The Tripoli was created in the OTO (Livorno) Steelworks of Terni in 1918, but the Italian front (World War I) wasn't compatible with armored cars due to terrain and the vehicle was instead destined for use in the Italian colonies. A first batch of 12 armored cars was sent to Libya, where the Royal Corps of Colonial Troops of Italian Cyrenaica and that of Italian Tripolitania were engaged in the reconquest of territories lost during the Italo-Turkish War. The Tripoli, together with the Lancia 1Z and the Fiat 15b armored trucks, equipped the armored car squadrons of the III and IV African Hunters Battalion.

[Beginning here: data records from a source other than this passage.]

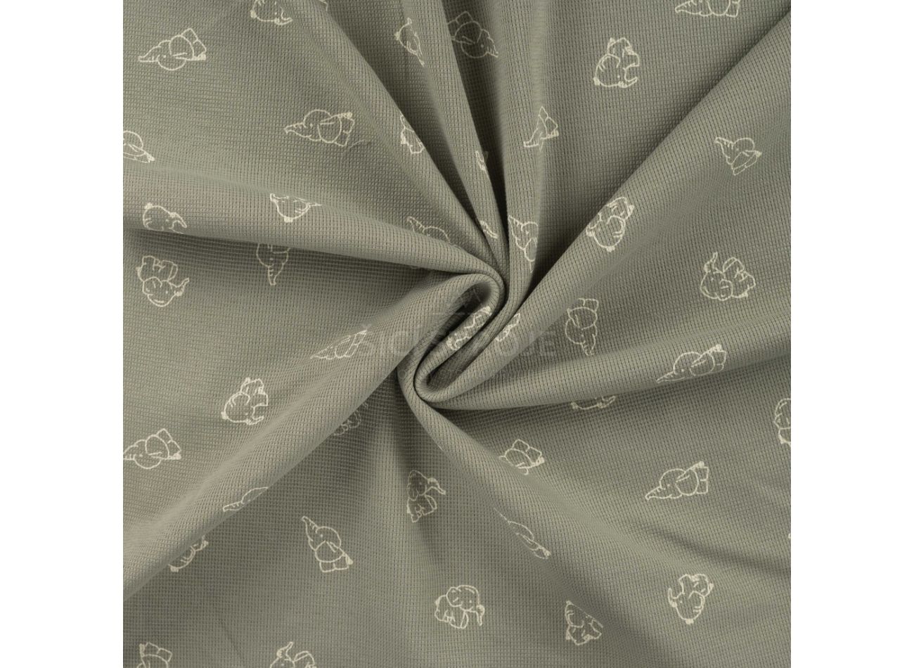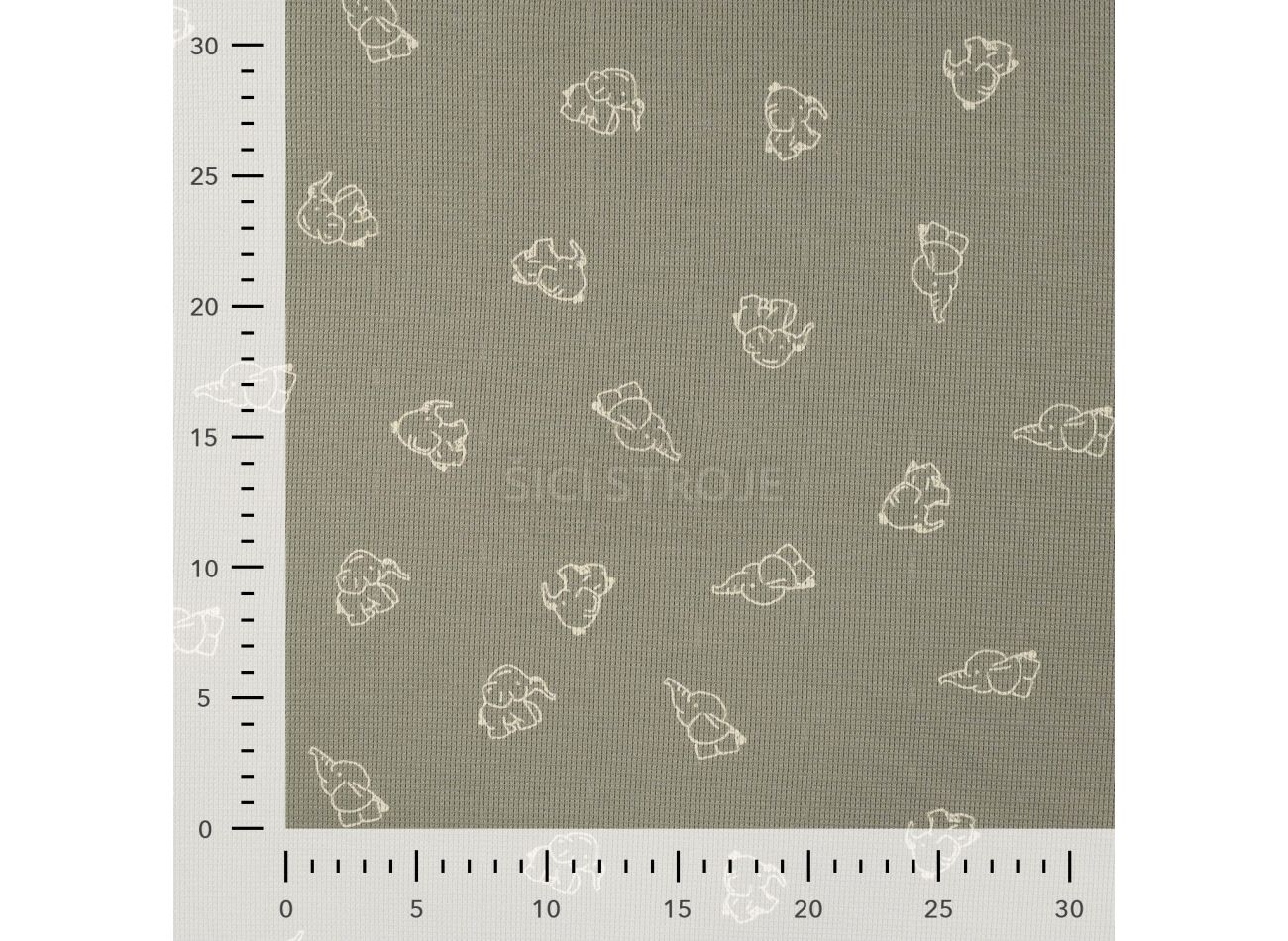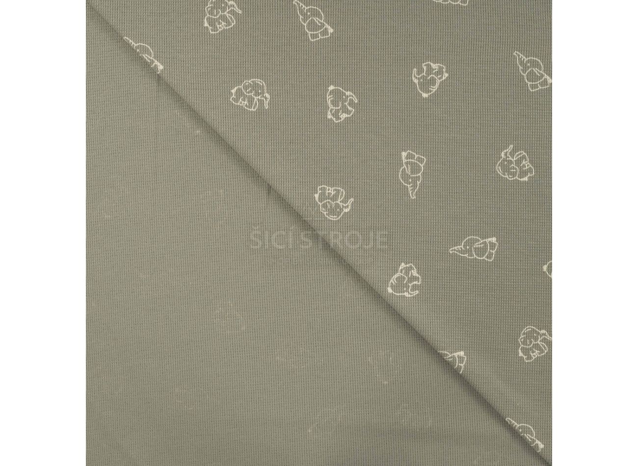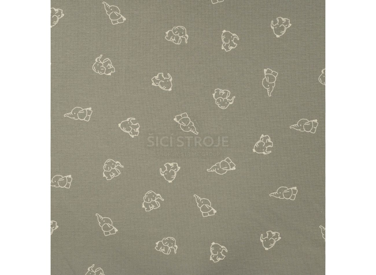 Cutie Waffle Print, 95% bavlna, 5% elastan, minimálna šírka 130 cm, gramáž 225 g/m2, vzor elephants, farba khaki
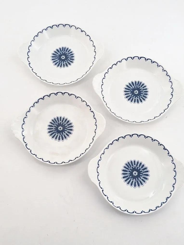 Réalisé d’après un document ancien , décor floral de couleur bleu indigo sur une base blanche.
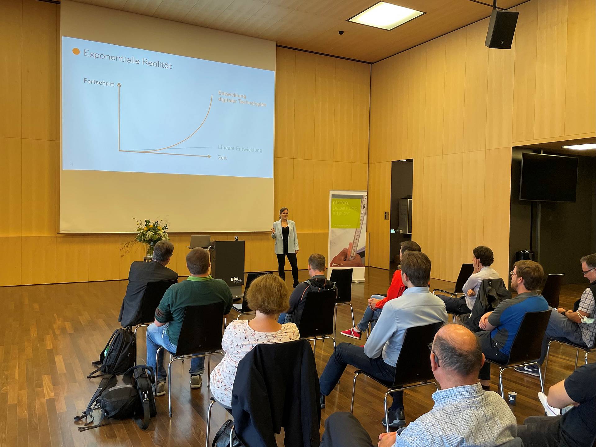 Einen Appell gibt es an diesem Morgen auch von Rebecca Büsser. Sie ist Finanzchefin des in Rapperswil beheimateten Startups Smino - ein IT-Unternehmen, das eine cloudbasierte Software für die Kommunikation innerhalb von Bauprojekten anbietet. Rebecca Büsser gibt spannende Einblicke in die Entstehungsgeschichte des jungen Unternehmens, erläutert die Herangehensweise an Probleme und betont immer wieder, dass Probieren über Studieren geht. «Das grösste Problem ist die Angst vor Veränderungen», sagt sie. Und:

The Tripoli continued to be employed in colonial policing duties until the mid-1930s, by which time it had been outnumbered and outclassed so was relegated to reserve status. The outbreak of the Second World War caught the Royal Army short of motorized vehicles, so much so that the armored bodies of 6-8 surviving Tripoli were installed on the chassis of Fiat-SPA 38R trucks. The turrets were open at the top and 12.7 mm Breda-SAFAT machine guns scavenged from discarded aircraft were installed in place of the 6.5 mm Fiat–Revelli Modello 1914 machineguns. These vehicles were assigned anti-aircraft duties for the "Babini" special armored brigade, established on November 25, 1940, but all were lost in the initial months of the North African campaign.

==Design==
The Tripoli was based on the armored version of the Fiat 15 (15b). Compared to the Lanzcia 1Z, the Tripoli is lighter and more agile. It was rear-wheel drive in a 2x4 layout, with the steerable front axle having two steel disc wheels and the fixed rear axle having four.

The armored bodywork was made of 6 mm cold steel, with a vertical cylindrical driving compartment equipped with two side doors and armored vision slits for the drivers. The horizontal front engine compartment featured a truncated cone armored hood, with side hatches for access to the engine and grille protected by sheet metal flaps. A spare tire was carried on the rear storage compartment. Above the driving compartment was a 360 degree, two-man, revolving turret.